FULL SOURCE CODE: SQL SERVER FOR DATA ANALYTICS AND VISUALIZATION WITH PYTHON GUI
Author | : Vivian Siahaan |
Publisher | : BALIGE PUBLISHING |
Total Pages | : 450 |
Release | : 2022-10-06 |
ISBN-10 | : |
ISBN-13 | : |
Rating | : 4/5 ( Downloads) |
Download or read book FULL SOURCE CODE: SQL SERVER FOR DATA ANALYTICS AND VISUALIZATION WITH PYTHON GUI written by Vivian Siahaan and published by BALIGE PUBLISHING. This book was released on 2022-10-06 with total page 450 pages. Available in PDF, EPUB and Kindle. Book excerpt: This book uses SQL SERVER version of MySQL-based Sakila sample database. It is a fictitious database designed to represent a DVD rental store. The tables of the database include film, film_category, actor, customer, rental, payment and inventory among others.

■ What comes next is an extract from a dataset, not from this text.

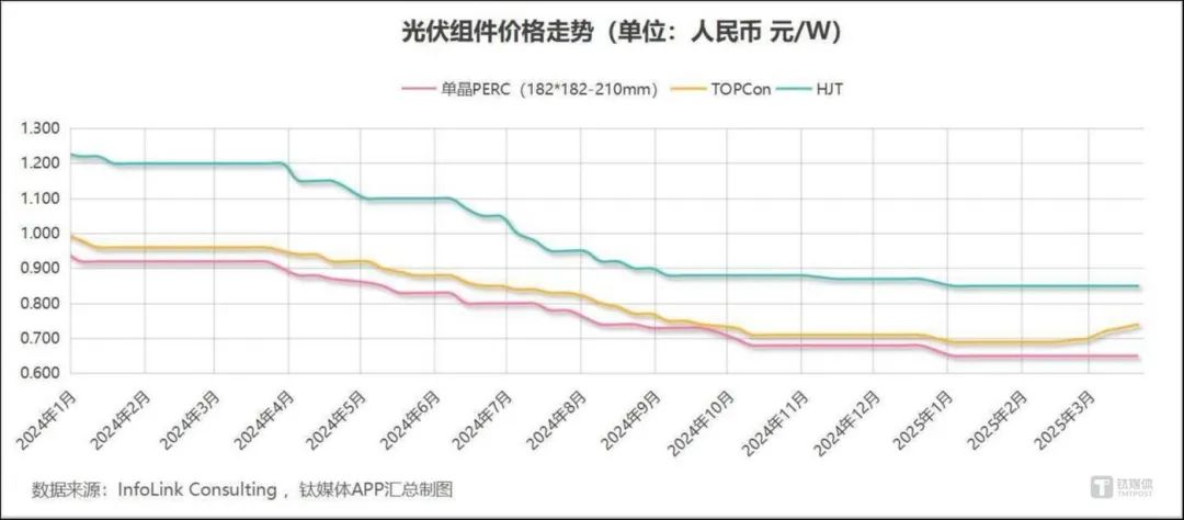 电池片:需求持续旺盛,开年以来全线上涨电池片方面,根据InfoLink公布的统计数据,早先大幅上涨但市场实际需求在走低的182-183.75mm单晶PERC电池交易均价有所回落,3月同比下降6.06%,降至0.31元/W,但年内涨幅仍然可观,为12.73%。占据市场主流的N型产品方面,182-183.75mm尺寸的TOPCon电池3月交易均价涨至0.305元/W,涨幅5.17%;最受市场青睐的182*210mm TOPCon电池全月大涨17.25%,交易均价来到0.34元/W,年内涨幅高达28.3%;210mm TOPCon电池交易均价小幅上涨1.69%,涨至0.3元/W,年内上涨5.26%。作为组件的前序产品,电池片的需求和价格走势直接受到“抢装潮”刺激,再叠加此前去产能初见成效,成为了产业链上全线普涨的环节。不过,随着近期开工复产情况增多,去产能进度放缓,再加之抢装窗口持续收窄,该环节未来价格走势不确定性也较大。首先,P型电池价格主要受印度市场需求而非国内抢装影响,随着印度P型需求退坡,价格可能持续回落。而主流N型产品方面,业内普遍认为,其价格会在节点到来前早组件一步走低。InfoLink给出的判断是电池片整体价格会在4中旬后伴随需求退坡而松动,不过该机构也提示,具体走势仍须考虑各尺寸供需情况。组件:阔别两年的涨价,带来的不只有惊喜作为光伏电站的核心设备,组件是制造链上的终端产品,其价格走势往往直接体现着市场供需情况和利润空间。自光伏行业产能过剩加剧,持续遭遇“降价潮”以来,该环节价格也是“易跌难涨”的代表。“136号文”发布近半个月后,市场主流TOPCon组件交易均价终于在2月19日至2月26日当周迎来小幅上涨,而上一次涨价,还要追溯到近两年前的2023年3月15日。此后,TOPCon组件价格持续走高,涨幅也有所扩大。3月的四个周,该环节每周价格都实现上涨。截至3月底,TOPCon组件交易均价涨至0.74元/W,3月同比上涨6.47%,年内来看,受去年底至今年初价格大跌的影响,涨幅为4.23%(市场需求相对较少的PERC组件和HJT组件3月交易均价无明显变动,年内降幅在2%-5%之间)。“抢装潮”刺激下,组件涨势凶猛,有消息称,在新项目需求上,不少组件厂对低于0.75元/W的订单甚至都不愿交付,市场上出现“撕毁”已签订单要求涨价,或拖延拒绝不交货,乃至二次违约、代工厂私卖A货等乱象,行业秩序也受到影响。而上述乱象背后,正是“抢装潮”所剩时间无多,个别厂商不择手段想要“赚一笔”的心态。InfoLink判断,组件涨势或能延续至四月中下旬,而业内普遍认为,此后该环节价格会明显走低,跌幅甚至比“抢装潮”之前来得还猛烈。近期,一些行业头部公司、大佬也纷纷发声,呼吁不要为短期利益扰乱市场,应坚持自律公约的去产能节奏已达到长期稳价目的。在近期钛媒体APP参加的一场活动上,隆基绿能集团副总裁张海濛、晶澳科技光伏与储能业务群总裁祝道诚都表示,自身企业最害怕的就是当前这种非理性的涨价。张海濛表示,坚持长期主义的企业最不希望看到价格大幅波动,无论是急涨还是急跌,这种情况出现后对自身经营、对客户都是一种干扰,当务之急只能控制好自己能控制的变量,管理好生产、库存、客户交付和沟通,尽量减少干扰。祝道诚也表示,据自己观察,一线企业在价格波动中会更稳重一些,既不愿意失血做市场份额,也不愿意一味追求高价订单影响信誉,更要紧的是保持现金流水平,维持到行业产能出清完成之时。他也就此呼吁行业理性看待市场变化。更令从业者担忧的,恐怕是全年的需求情况。虽然因为上半年的抢装,部分机构调高了全年装机水平预期,但企业对此显然更加悲观,包括上述龙头企业高管在内,多认为全年装机能够与去年持平即已不易,大概率仍会走低。在需求走弱,产能出清放缓,价格持续波动的情况下,光伏的难题远非一次“抢装潮”或“涨价潮”就能解决的。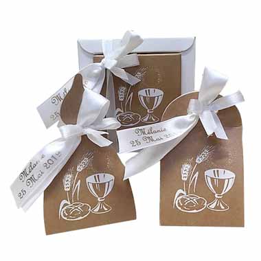 Tout d’abord un ballotin calice Caféo pour communion. Avec un ton très naturel cette boîte à dragées est parfaite ! Après bien sûr elle est garni de dragées Médicis aux amendes Lérida. Enfin elle est livré prête à offrir personnalisé avec un ruban en satin. Finalement il ne vous reste qu’a déposer ce ballotin calice Caféo sur la table de cérémonie

The Sakila sample database is intended to provide a standard schema that can be used for examples in books, tutorials, articles, samples, and so forth. Detailed information about the database can be found on website: https://dev.mysql.com/doc/index-other.html. In this project, you will develop GUI using PyQt5 to: read SQL SERVER database and every table in it; read every actor in actor table, read every film in films table; plot case distribution of film release year, film rating, rental duration, and categorize film length; plot rating variable against rental_duration variable in stacked bar plots; plot length variable against rental_duration variable in stacked bar plots; read payment table; plot case distribution of Year, Day, Month, Week, and Quarter of payment; plot which year, month, week, days of week, and quarter have most payment amount; read film list by joining five tables: category, film_category, film_actor, film, and actor; plot case distribution of top 10 and bottom 10 actors; plot which film title have least and most sales; plot which actor have least and most sales; plot which film category have least and most sales; plot case distribution of top 10 and bottom 10 overdue customers; plot which customer have least and most overdue days; plot which store have most sales; plot average payment amount by month with mean and EWM; and plot payment amount over June 2005.